A general ledger is a financial document that includes all transactions in all accounts throughout the entire year. It’s used as the basis for the three major financial reports and is generally only used by internal decision-makers within the organization.

Transactions include ordinary income, interest income, capital gains, and more, as well as expenses like COGS, rent, equipment and supplies purchases, dividend payments, tax payments, and more.

While the general ledger is not shared with the public, it can be a useful tool for internal teams. It lists everything from the stapler a company purchased to the office space(s) they rent to the income they received from their largest clients.

Though the general ledger is too detailed to be the most useful financial statement, it can still be utilized by managers and executives to better understand the details of the organization’s financial choices.

So, now that we understand some useful accounting terminology, as well as the main financial statements, let’s discuss the accounting cycle and how it works for businesses.

What Is the Accounting Cycle?

The accounting cycle is a structured, step-by-step process that organizations use to track, record, and analyze their financial activity over a specific period for income statements, or as of a certain point in time for balance sheets.

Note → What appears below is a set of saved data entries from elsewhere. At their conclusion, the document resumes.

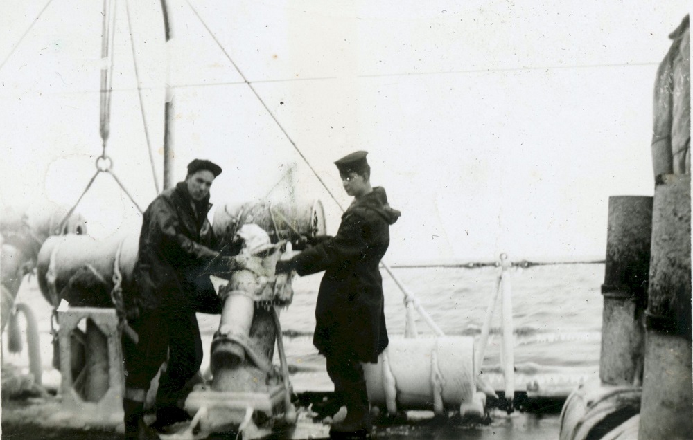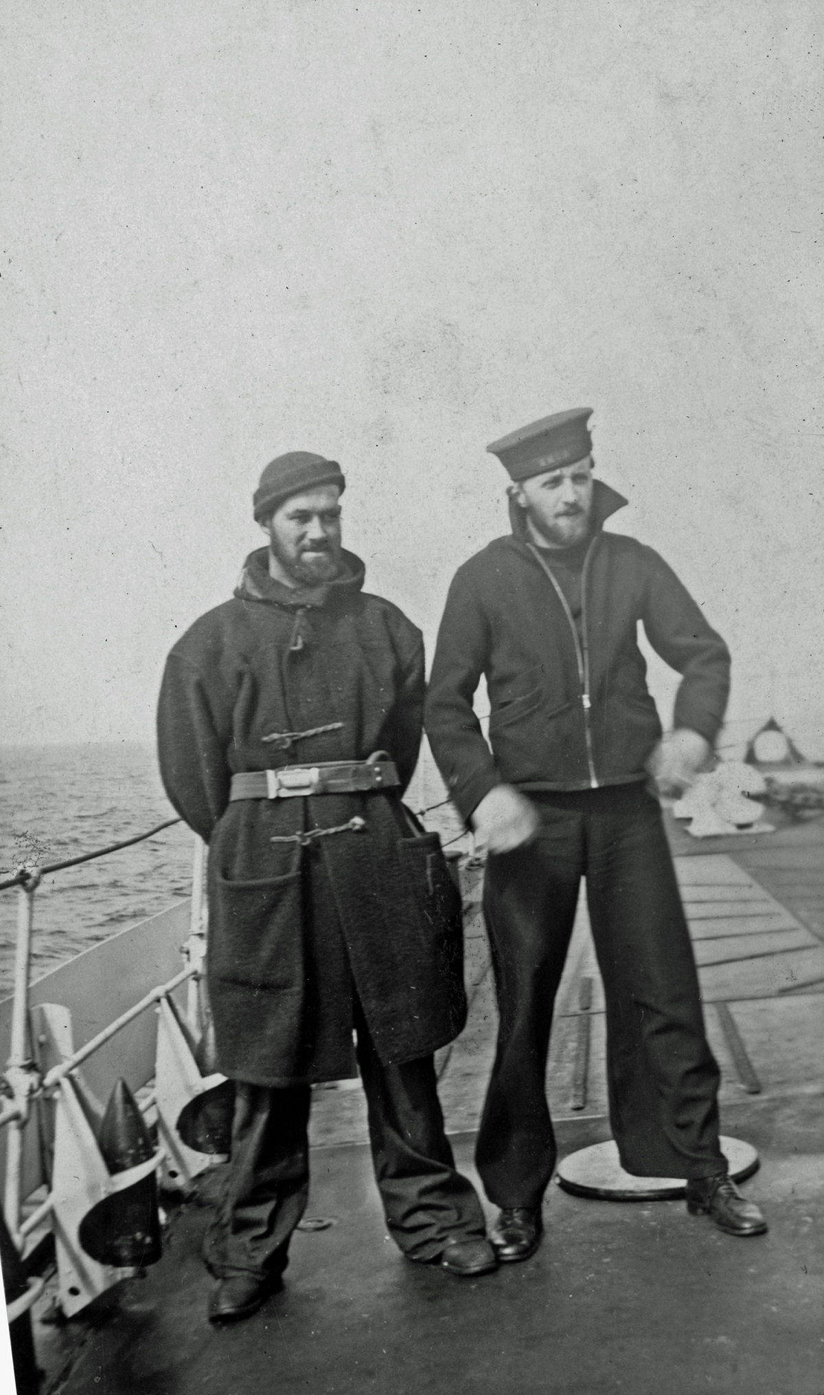 (FH01) Fred Hollands by gun mount on HMCS SKEENA (FH02) Fred Hollands (left) and unknown shipmate by the forward gun on HMCS SKEENA (FH03) A cold day at sea - Fred Hollands (left) and unknown shipmate on the fo'c's'le of HMCS SKEENA (FH04-FH05) Fred Hollands in a duffel coat on the fo'c's'le of HMCS SKEENA
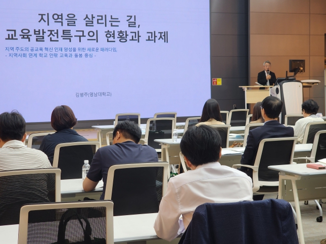 이번 대전교육발전포럼은 ‘지역을 살리는 길, 교육발전특구의 현황과 과제’를 주제로 교직원, 학부모, 교육전문(행정)직원, 대전시청, 지역대학 관계자들을 대상으로 진행됐다. 영남대학교 김병주 교수가 전문가 발표자로 참여했고, 지정 토론자로는 대전시교육청 혁신정책과 이종직 장학관, 초등교육과 오민영 장학사, 대전갑천중학교 전국화 교사가 참여하여 교육청 및 학교 현장의 다각적 관점에서 논의가 이루어졌다.
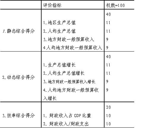 其中是觀測值, 指同一指標的最小觀測值, 是同一指標的最大觀測值, 是同一指標從大到小排列位次。按權數計算得分加總后得到各縣綜合評價得分。(各縣市經濟發展水平評價結果及排位見附表)
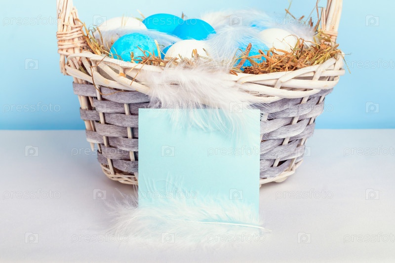 Синий лист бумаги рядом с плетеной корзиной с сеном, окрашенными в синий и белый цвета яйцами и перьями Пасхальный фон
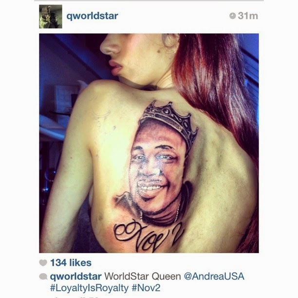 You know…. I am all for love…….. I am….. But getting a man’s face tatted on you anywhere on your body, just to show that your loyal is just dumb. Apparently Q and Kat have been rocking with each other since her release. He has been holding her down while locked up and once released, put her in a nice apartment in Miami and kept her pockets on point. Kat has deemed herself Queen of World Star… I really thought she got saved….
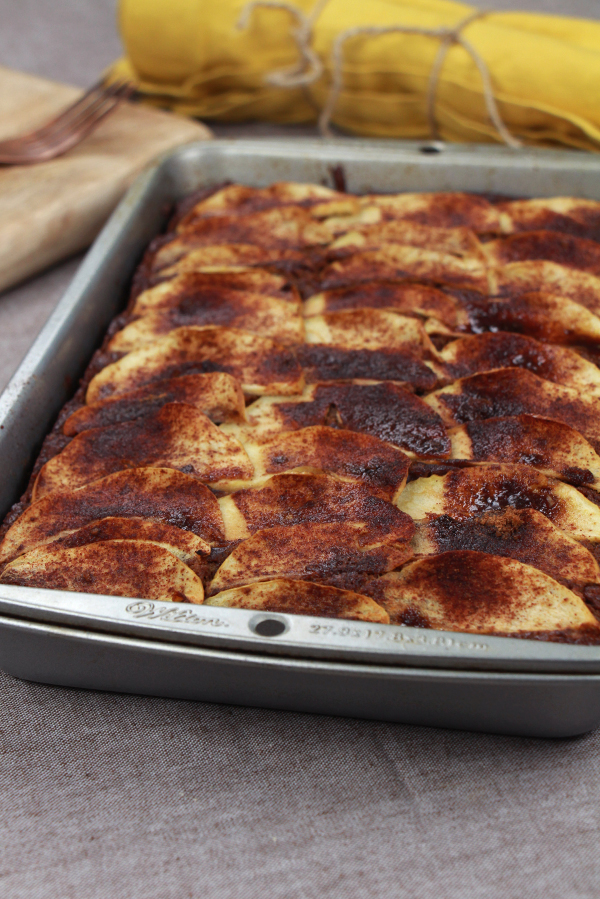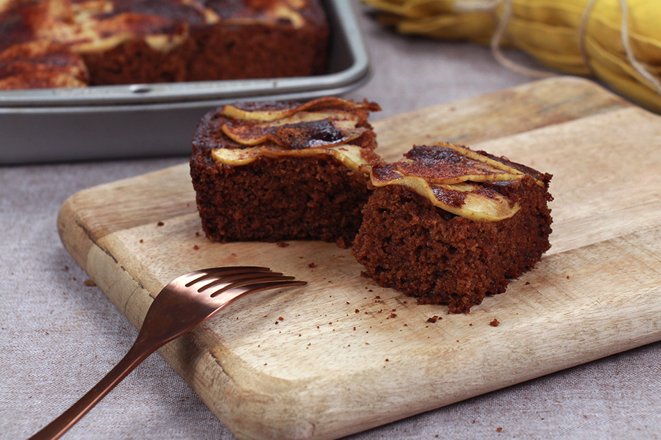 ¡Que el título no os confunda! No se trata de una tarta de manzana clásica, para la que también podéis encontrar la receta en el blog, si no que se trata más bien de un bizcocho esponjoso y muy especiado, con un sabor intenso delicioso, cubierto de una fina capa de manzanas laminadas espolvoreadas de canela, jengibre y panela. ¡Ufff, qué ricura!
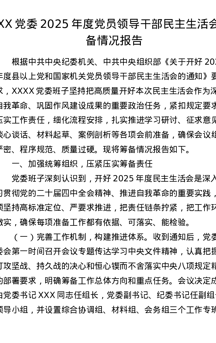 XX党委2025年度党员领导干部xxxxx筹备情况报告
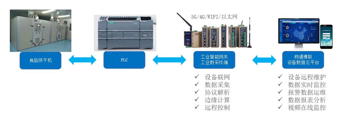 為解決這些問題,物通博聯(lián)提供以工業(yè)智能網(wǎng)關(guān)為中心構(gòu)建的糧食烘干機遠程監(jiān)控智能管理系統(tǒng)。通過將糧食烘干機的控制器PLC接入網(wǎng)關(guān),實時采集設(shè)備運行狀態(tài)、工藝參數(shù)、報警信息等數(shù)據(jù)。這些數(shù)據(jù)經(jīng)由5G/4G/WIFI/以太網(wǎng)等通信方式上傳至設(shè)備運維管理平臺,實現(xiàn)對糧食烘干機的遠程集中監(jiān)控與智能化管理。
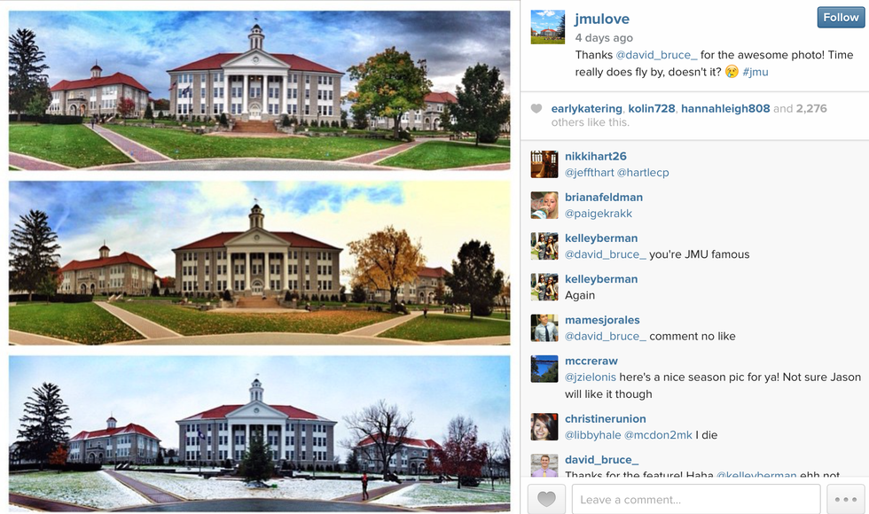 Students love JMU so much that there is even an Instagram account to display our love! Check it out to see beautiful photos taken by JMU students.
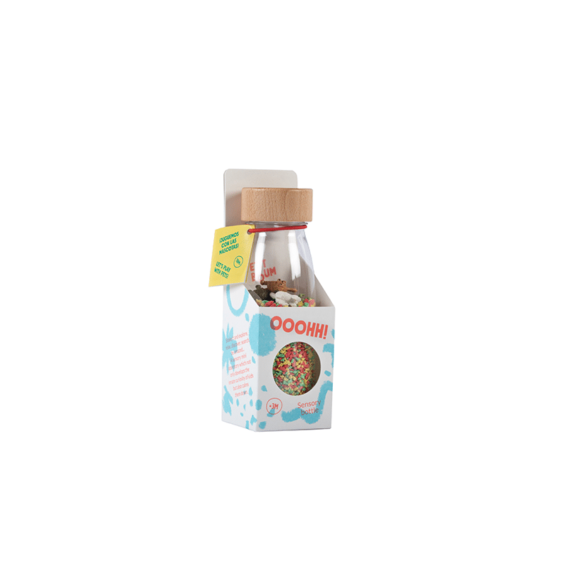Kijk, zwaai en luister! Stimuleer het gehoor. Discriminatie van geluiden. Stimuleer zicht. Stimuleer aanraking. Klankflessen, een klank- en kleurrijke wereld binnen handbereik. Spelideeën: 1. Observeer de elementen. 2. Schud het en raad de geluiden van elk element. 3. Stapel flessen op elkaar. 4. Rol de fles. 3 maanden of langer.

The accounting cycle usually covers financial information for an entire year, but the periods can also be monthly or quarterly, depending on the organization’s reporting requirements and if its debt obligations call for more frequent financial disclosures.

The goal of the accounting cycle is to ensure that financial transactions are recorded accurately, comprehensively, and completely.

It consists of eight steps:

  1. Identify transactions: Identify and document every financial transaction that affects the business, such as sales, purchases, other expenses, and more.
  2. Record transactions: Each transaction identified in the first step should be recorded in a chronological record of financial transactions called a “journal.” Accounting journals include details like a description of the transaction, relevant accounts involved, and the transaction amount and date.
  3. Post to the general ledger: All recorded transactions should be included in the general ledger, which is the main record book of all financial activity.
  4. Prepare the trial balance: A trial balance is a list of all accounts and their current debit or credit balances. The trial balance ensures mathematical accuracy in the system, and it acts as a rough draft for the financial statements.
  5. Make adjusting journal entries: At this point, accountants would make adjusting journal entries to correct any issues with the trial balance. Adjustments are often made to account for accruals, deferrals, depreciation, amortization, contra accounts, and other factors not yet included in the financial statements.
  6. Prepare the financial statements: The now-adjusted account balances are used to generate the three main financial statements: the income statement, the balance sheet, and the statement of cash flows. These financial statements paint a picture of the organization’s financial performance and position.
  7. Close the books: In this step, temporary income statement accounts, such as revenue and expenses, are “closed” by transferring their ending balances to permanent balance sheet accounts, such as owner’s equity and retained earnings. This sets the accounting system up for the next period.
  8. Create a post-closing trial balance: This step is not always required, but it can be useful for verifying the completeness and accuracy of the account closing process. Because of this, many organizations will do this step. This is essentially a second trial balance (like the one from step four) that verifies all accounts balance, the adjusting journal entries were appropriate, and the closing process was effective and should be used again.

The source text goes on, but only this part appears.